Mandelect, nice custom Bluestar. Several years ago I saw one very similar built for the mandolin player in Roy Clark's band. I was an usher for that show working the pit, and when I saw the roadie bring it out on stage I yelled up to him and he brought out their mandolin player who let me pick a little on it. (No, not plugged in.) I have a MandoBlaster and the custom was certainly quite nice. I'd consider a custom Mandoblaster in a second if I was in the market.

----------


## mandelect

Lee, I'm really pleased with my Bluestar. It was a spur of the moment Ebay bid, a few weeks ago. Nobody else seemed interested so I managed to get it for a good price - not too dissimilar to what the standard 'blasters go for!

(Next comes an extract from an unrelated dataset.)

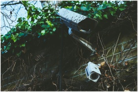 Outdoor surveillance cameras mounted on a vine-cov

I am thinking of getting it refretted with chunkier frets; I'm not too keen on standard mandolin fretwire for electrics - but of course that's a personal preference. Bruce offered to refret for a very good price, but shipping from the UK to the States (and back) would bump the price up considerably. Bruce seems a really nice guy and was very helpful throughout the deal.

BTW the Ebay listing stated that mine was the first of a limited series of instruments ... so watch "that" space if you're in the market for one!

----------


## johnrhaupert

mikeomando, what string thickness would make it easiest to play in tune?

----------


## mikeomando

You don't have to post questions directed only at me, lots of guys out here have 5 strings. Generally speaking, the thicker the string the higher the tension tuned to the same note for the same scale length. See my post above from May 14. If your E string is too tight and you're using a .011, try a .0105 or a .010.
If your C string is too loose, figure out what it is and go a little bigger. I think I have a .051 or a .052 on mine. Easiest to play in tune depends on how much you are bending the notes. Individual guitar strings are pretty cheap. Buy .048, .049, .050, .051, and .052, and try them. play single notes on the C string with a tuner and see if you can fret them true. Then try playing barre chords  (2245x from low to high is a D chord) and see if you can play them in tune. Then try playing more complex chords (20023 is the classic G Chord with a D on the bottom) and really make sure that you are fretting the D cleanly. 
You have to find your own trade-off. If you, for example, tried putting a string from an electric bass on your emando C string to make it less floppy, it would be so big that it would feel funny and respond differently to all the other strings. You have to find a string that is thick enough to create enough tension that you can fret it close to in tune, but that also responds and feels like your other strings. After you figure out what gauge you like, you still have to really work on fretting cleanly. You can push really hard on an 8 sting mando, and not play out of tune. You can push kind of hard on a 4 string mando, and still get away with it. You just can't get away with it on the low strings of a 5 string emandola-mandolin.

----------


## johnrhaupert

Ok, so I have another question. Is it easier to play 5 strings with the extended necks (5 extra frets) in terms of string bending?

----------


## mrmando

Probably, but it still depends mostly on the string gauges.

----------


## johnrhaupert

I checked two large guitar stores in my area and I could only come across a .052. Where do you get your single strings?

----------


## mrmando

Some people get 'em from me. I sell three different sets at emando.com.

----------


## johnrhaupert

Would you be willing to just sell me the C strings?

----------


## jefflester

> Where do you get your single strings?


You can get them here:
http://www.juststrings.com/singlestrings.html

----------


## mrmando

John, e-mail me off the board ... I can probably get you a better price than JustStrings for a .48 and a .50. Those are the C gauges I have in stock.

----------